The Data Management Working group held a special session - Wade Bishop of University of Tennessee presented his findings on a data fitness-for-use study. In his study he asked participants to consider a recent example of when they searched for data and decided if it was fit for them to (re)use. Then he asked questions related to each of the elements in the FAIR data framework (Findable, Accessible, Interoperable, Reusable). Wade provided many fine puns on “FAIR” (if that is FAIR to say) and quotes such as “Deciding if data is fit for reuse is kind of like thumping on a melon or smelling bread before you buy it.” (Maybe you had to be there?) Participant quotes provided interesting insights, such as the metadata-data disconnect - do people understand how metadata and keywords are helping them to discover or use data? Perhaps if data providers do such a good job in making data FAIR, the data consumers will not even notice, they will just happily reuse the data. Slides can be found on the DMWG meeting page.

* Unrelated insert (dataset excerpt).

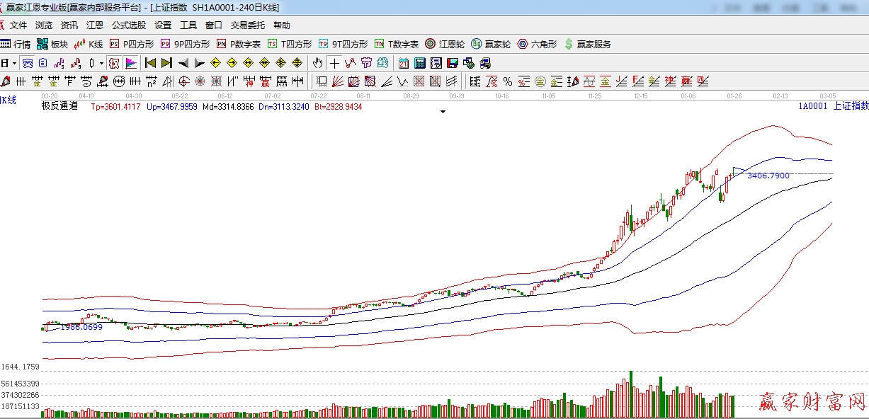 極反通道提示:滬指繼續(xù)圍繞在極反通道藍色外軌線上方震蕩整理,外軌線支撐3303點,此位置不破,看多。

Software Development 10/25/2018: Discussing the USGS Git Migration Plan

The Software Development Cluster discussed a draft Git migration plan (link accessible by Dept of Int) for USGS. Last June, an announcement about the USGS Git Platform (link accessible on the USGS network) was distributed. Members of the Software Development Cluster are providing information to help USGS code repository owners meet the requirements on the announcement. Note that the plan is still in early draft and open to suggestions. The contact for the plan is Eric Martinez, emartinez@usgs.gov.

Subduction Zone Focus Group 10/18/2018: Cascadia Recurrence Project Meeting Notes

The Subduction Zone Focus Group posted notes from their October meeting, summarizing ongoing projects, new members, and other opportunities. Topics included land-level changes along the Olympic Peninsula, SZ4D Research Coordination Networks, a Cascadia Recurrence database, a Mendenhall Fellowship focused on Cascadia landslides now being advertised, automated turbidite analysis, tsunamis, and recent papers and reports from the M(agnitude)9 project.


Snapshot of a data compilation for a Cascadia 3D seismic model, summary of the locations of 34 individual controlled-source wide-angle seismic imaging experiments dating to the 1960s. (T. Brocher)

Bioinformatics 10/16/2018: CDI Request for Proposals Discussion

The Bioinformatics Community of Practice had a discussion about the newly released CDI Request for Proposals, including what is in scope, how to meet the 30% in-kind match, and how the two-phase selection process works. Notes can be found on the RFP Collaboration forum.

Tech Stack 10/11/2018: Building a SpatioTemporal Feature Registry

The Tech Stack group didn’t have a live meeting, but Sky Bristol made a video demonstrating some of the concepts behind a SpatioTemporal Feature Registry. The group was encouraged to ask questions about the video using our wiki page. Further discussion is at the ESIP-hosted IdeaScale ideation page.


Semantic Web 10/11/2018: semantic approaches to enable FAIR data at USGS

The Semantic Web working group discussed semantic approaches to enable USGS data to be FAIR (Findable, Accessible, Interoperable, Reusable). They used the list of FAIR Principles at https://www.go-fair.org/fair-principles/, which includes links to explanations. Notes can be viewed at their meeting page.

eDNA CoP 10/2/2018: Examples of recent eDNA data releases

The eDNA community of practice created a page sharing recent example data releases for environmental DNA.

DevOps 10/2/18: Develop Intelligence training opportunities

In FY19, DevOps will consolidate to one meeting per month with both Project Management and SysAd/Developer Topics. Sarah Battani from Develop Intelligence gave an introduction to their DevOps Academy training opportunities.

https://www.developintelligence.com/catalog


Metadata Reviewers 10/1/2018: the state of USGS Metadata

The group took stock of the state of USGS metadata: and challenges and needs.

Fran set up a wiki page at https://my.usgs.gov/confluence/display/cdi/Metadata+Reviewers+Training+Collection as a place to share resources on Metadata Reviewers training.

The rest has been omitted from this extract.